What the task asks: Your transcription must include every record word for word and no pictures.

*** Block opens ***

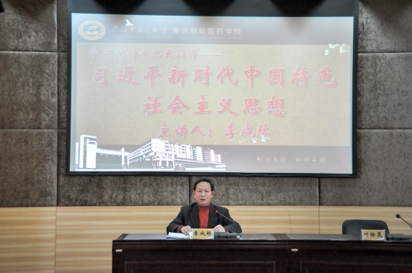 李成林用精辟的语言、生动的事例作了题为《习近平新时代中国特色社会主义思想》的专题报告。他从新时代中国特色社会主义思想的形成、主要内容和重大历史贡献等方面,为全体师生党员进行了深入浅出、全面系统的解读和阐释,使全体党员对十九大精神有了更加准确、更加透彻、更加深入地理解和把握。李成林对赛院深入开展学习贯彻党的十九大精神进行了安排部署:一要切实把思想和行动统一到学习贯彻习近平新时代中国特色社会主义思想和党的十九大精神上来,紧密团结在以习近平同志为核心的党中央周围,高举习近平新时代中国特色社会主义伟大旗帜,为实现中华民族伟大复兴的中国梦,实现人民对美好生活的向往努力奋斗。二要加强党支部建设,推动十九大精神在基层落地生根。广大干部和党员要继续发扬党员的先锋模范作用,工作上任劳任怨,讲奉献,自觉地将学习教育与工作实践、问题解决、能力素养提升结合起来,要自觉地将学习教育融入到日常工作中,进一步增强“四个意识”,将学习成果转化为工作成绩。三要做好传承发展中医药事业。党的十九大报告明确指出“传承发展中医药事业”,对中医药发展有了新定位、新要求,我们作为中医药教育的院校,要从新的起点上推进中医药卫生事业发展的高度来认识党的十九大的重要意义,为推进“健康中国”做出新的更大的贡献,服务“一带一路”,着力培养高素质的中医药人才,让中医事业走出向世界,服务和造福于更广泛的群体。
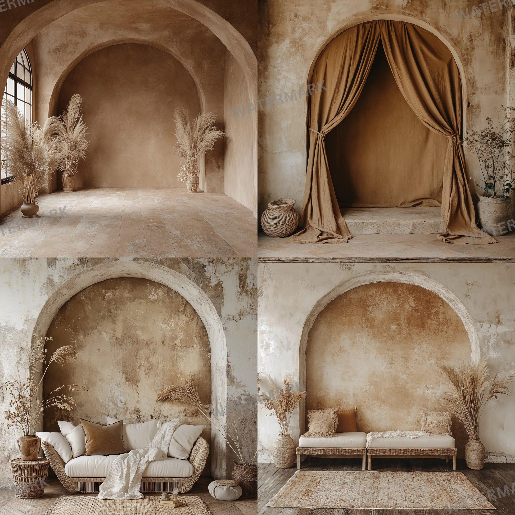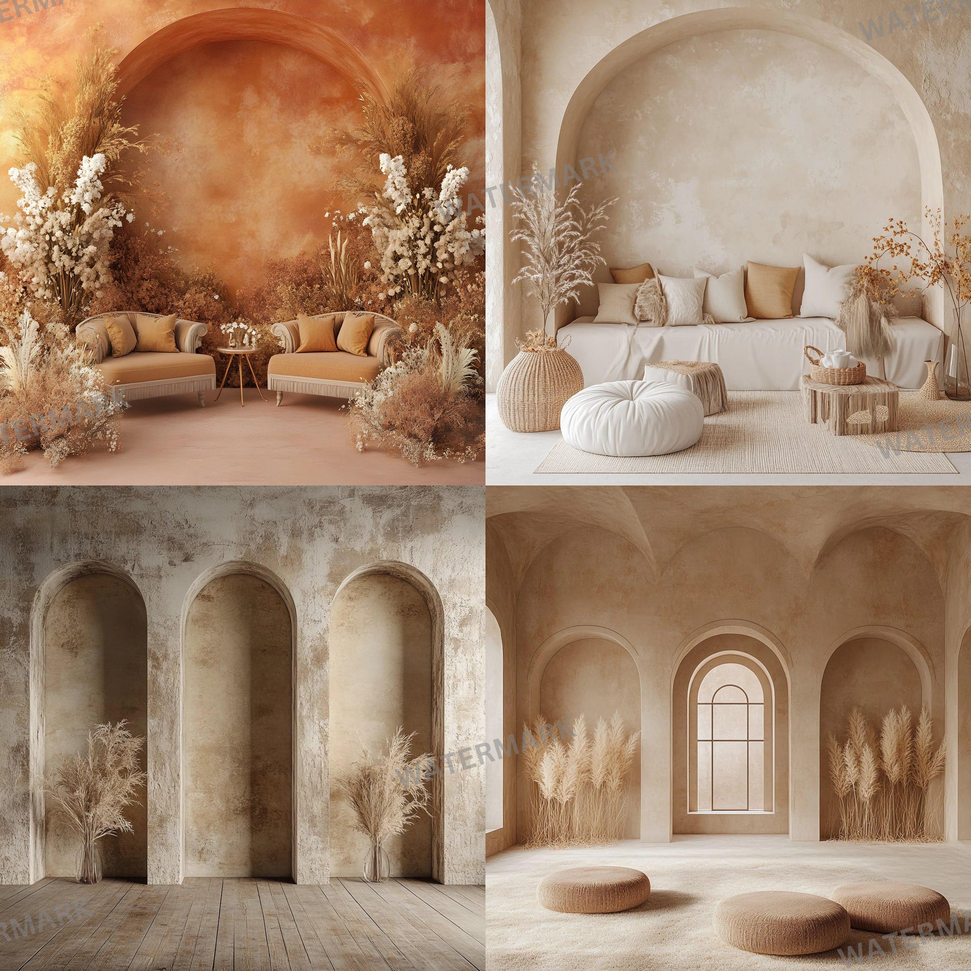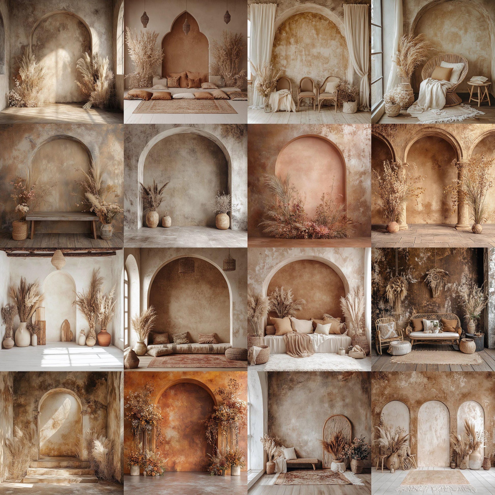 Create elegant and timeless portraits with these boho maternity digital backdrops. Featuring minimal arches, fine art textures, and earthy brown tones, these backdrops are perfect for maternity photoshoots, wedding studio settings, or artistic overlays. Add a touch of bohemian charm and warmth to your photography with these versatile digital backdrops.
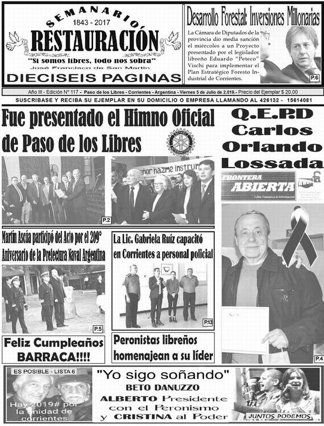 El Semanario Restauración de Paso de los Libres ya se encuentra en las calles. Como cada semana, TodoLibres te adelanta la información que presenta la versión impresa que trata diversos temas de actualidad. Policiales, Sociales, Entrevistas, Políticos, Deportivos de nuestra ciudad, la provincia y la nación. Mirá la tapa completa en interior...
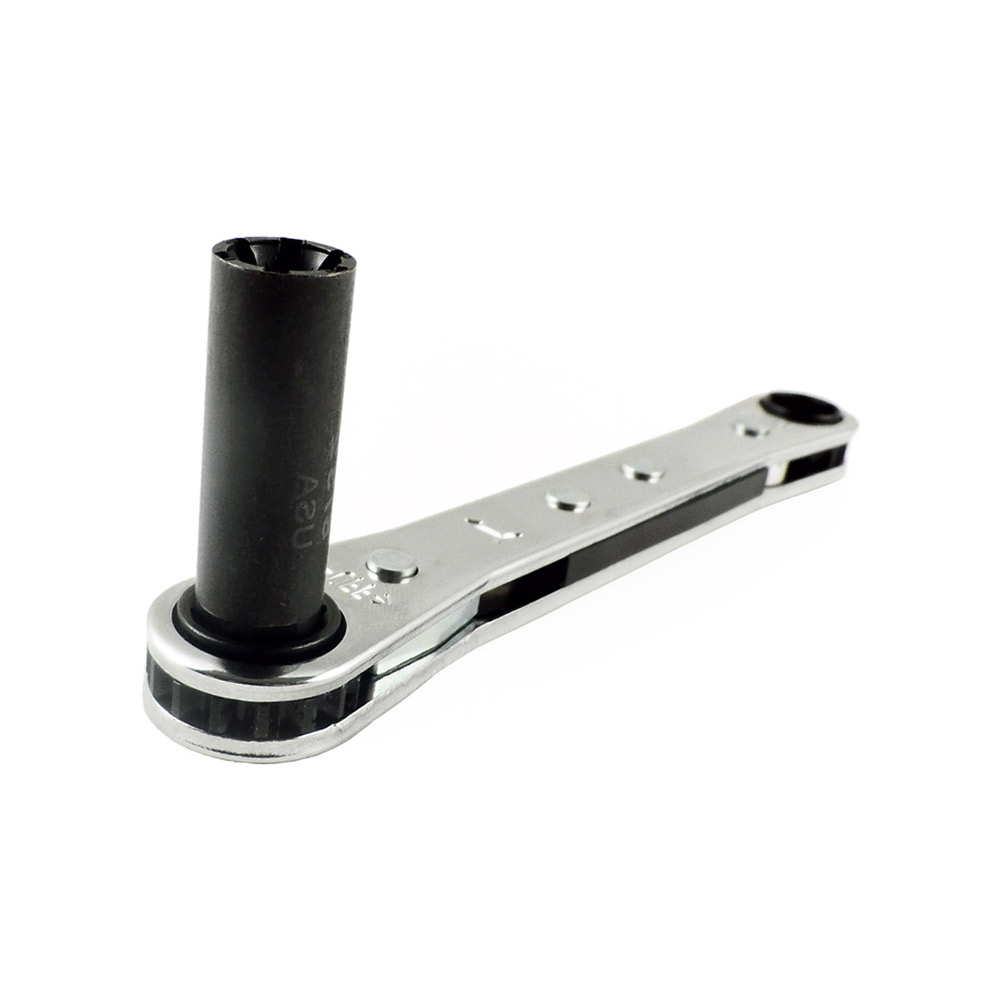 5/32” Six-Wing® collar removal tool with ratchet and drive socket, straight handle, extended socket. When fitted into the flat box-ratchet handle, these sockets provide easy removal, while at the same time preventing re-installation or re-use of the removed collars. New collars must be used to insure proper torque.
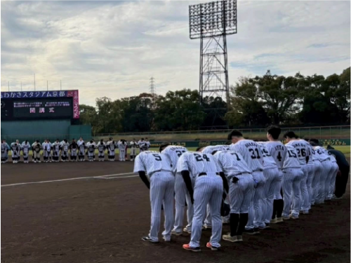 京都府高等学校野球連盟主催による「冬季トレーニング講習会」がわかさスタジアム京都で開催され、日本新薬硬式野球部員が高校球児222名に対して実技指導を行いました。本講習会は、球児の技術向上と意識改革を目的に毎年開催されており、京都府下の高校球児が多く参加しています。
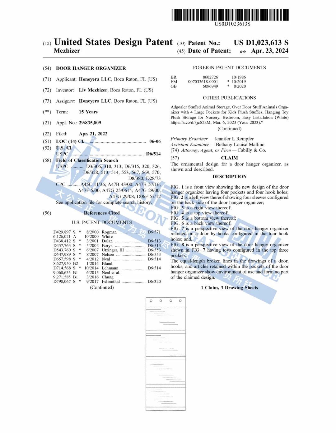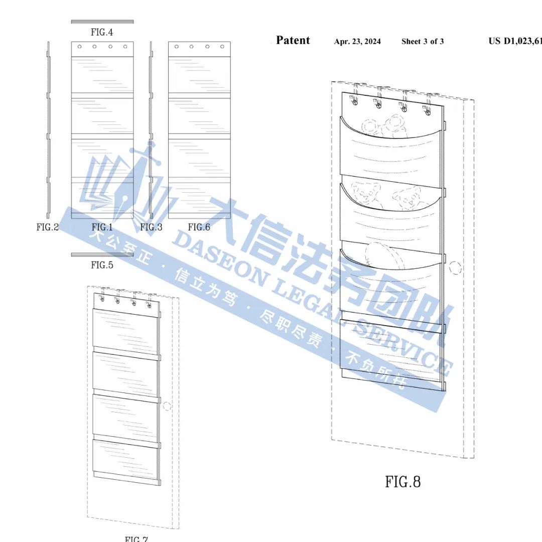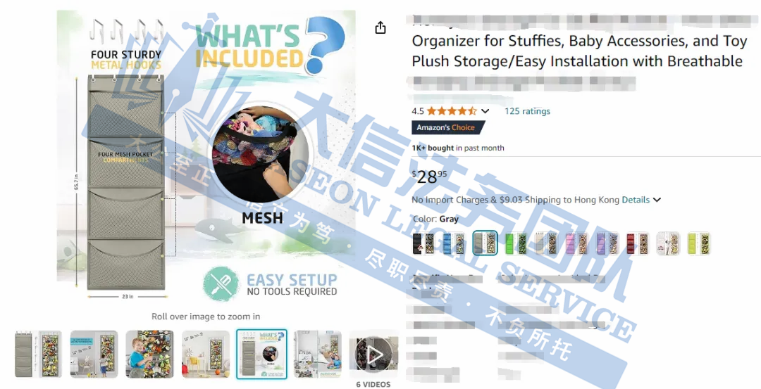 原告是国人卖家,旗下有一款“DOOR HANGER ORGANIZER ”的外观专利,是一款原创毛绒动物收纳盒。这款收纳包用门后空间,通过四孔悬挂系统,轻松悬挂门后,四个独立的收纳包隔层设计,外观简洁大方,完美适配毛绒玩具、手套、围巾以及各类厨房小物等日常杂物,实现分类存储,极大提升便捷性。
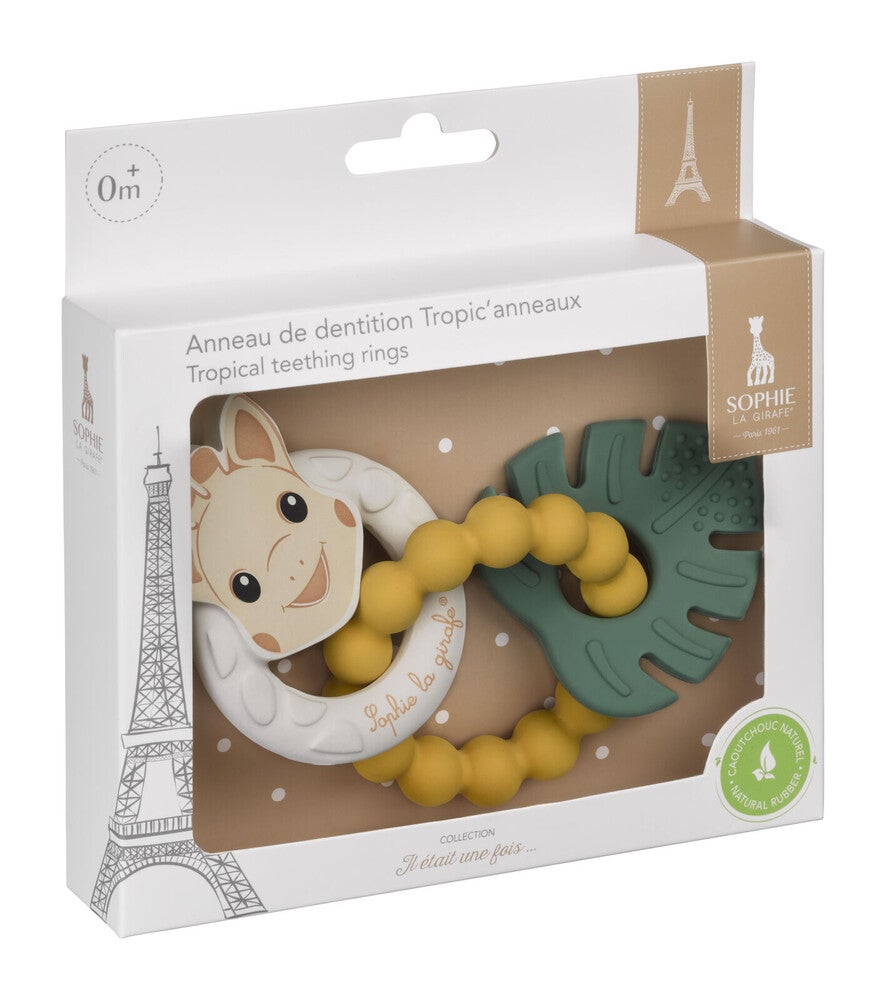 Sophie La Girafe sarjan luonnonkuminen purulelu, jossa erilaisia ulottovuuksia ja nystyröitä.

*** Block closes ***

Response box:
 李成林用精辟的语言、生动的事例作了题为《习近平新时代中国特色社会主义思想》的专题报告。他从新时代中国特色社会主义思想的形成、主要内容和重大历史贡献等方面,为全体师生党员进行了深入浅出、全面系统的解读和阐释,使全体党员对十九大精神有了更加准确、更加透彻、更加深入地理解和把握。李成林对赛院深入开展学习贯彻党的十九大精神进行了安排部署:一要切实把思想和行动统一到学习贯彻习近平新时代中国特色社会主义思想和党的十九大精神上来,紧密团结在以习近平同志为核心的党中央周围,高举习近平新时代中国特色社会主义伟大旗帜,为实现中华民族伟大复兴的中国梦,实现人民对美好生活的向往努力奋斗。二要加强党支部建设,推动十九大精神在基层落地生根。广大干部和党员要继续发扬党员的先锋模范作用,工作上任劳任怨,讲奉献,自觉地将学习教育与工作实践、问题解决、能力素养提升结合起来,要自觉地将学习教育融入到日常工作中,进一步增强“四个意识”,将学习成果转化为工作成绩。三要做好传承发展中医药事业。党的十九大报告明确指出“传承发展中医药事业”,对中医药发展有了新定位、新要求,我们作为中医药教育的院校,要从新的起点上推进中医药卫生事业发展的高度来认识党的十九大的重要意义,为推进“健康中国”做出新的更大的贡献,服务“一带一路”,着力培养高素质的中医药人才,让中医事业走出向世界,服务和造福于更广泛的群体。
 Create elegant and timeless portraits with these boho maternity digital backdrops. Featuring minimal arches, fine art textures, and earthy brown tones, these backdrops are perfect for maternity photoshoots, wedding studio settings, or artistic overlays. Add a touch of bohemian charm and warmth to your photography with these versatile digital backdrops.
 El Semanario Restauración de Paso de los Libres ya se encuentra en las calles. Como cada semana, TodoLibres te adelanta la información que presenta la versión impresa que trata diversos temas de actualidad. Policiales, Sociales, Entrevistas, Políticos, Deportivos de nuestra ciudad, la provincia y la nación. Mirá la tapa completa en interior...
 5/32” Six-Wing® collar removal tool with ratchet and drive socket, straight handle, extended socket. When fitted into the flat box-ratchet handle, these sockets provide easy removal, while at the same time preventing re-installation or re-use of the removed collars. New collars must be used to insure proper torque.
 京都府高等学校野球連盟主催による「冬季トレーニング講習会」がわかさスタジアム京都で開催され、日本新薬硬式野球部員が高校球児222名に対して実技指導を行いました。本講習会は、球児の技術向上と意識改革を目的に毎年開催されており、京都府下の高校球児が多く参加しています。
 原告是国人卖家,旗下有一款“DOOR HANGER ORGANIZER ”的外观专利,是一款原创毛绒动物收纳盒。这款收纳包用门后空间,通过四孔悬挂系统,轻松悬挂门后,四个独立的收纳包隔层设计,外观简洁大方,完美适配毛绒玩具、手套、围巾以及各类厨房小物等日常杂物,实现分类存储,极大提升便捷性。
 Sophie La Girafe sarjan luonnonkuminen purulelu, jossa erilaisia ulottovuuksia ja nystyröitä.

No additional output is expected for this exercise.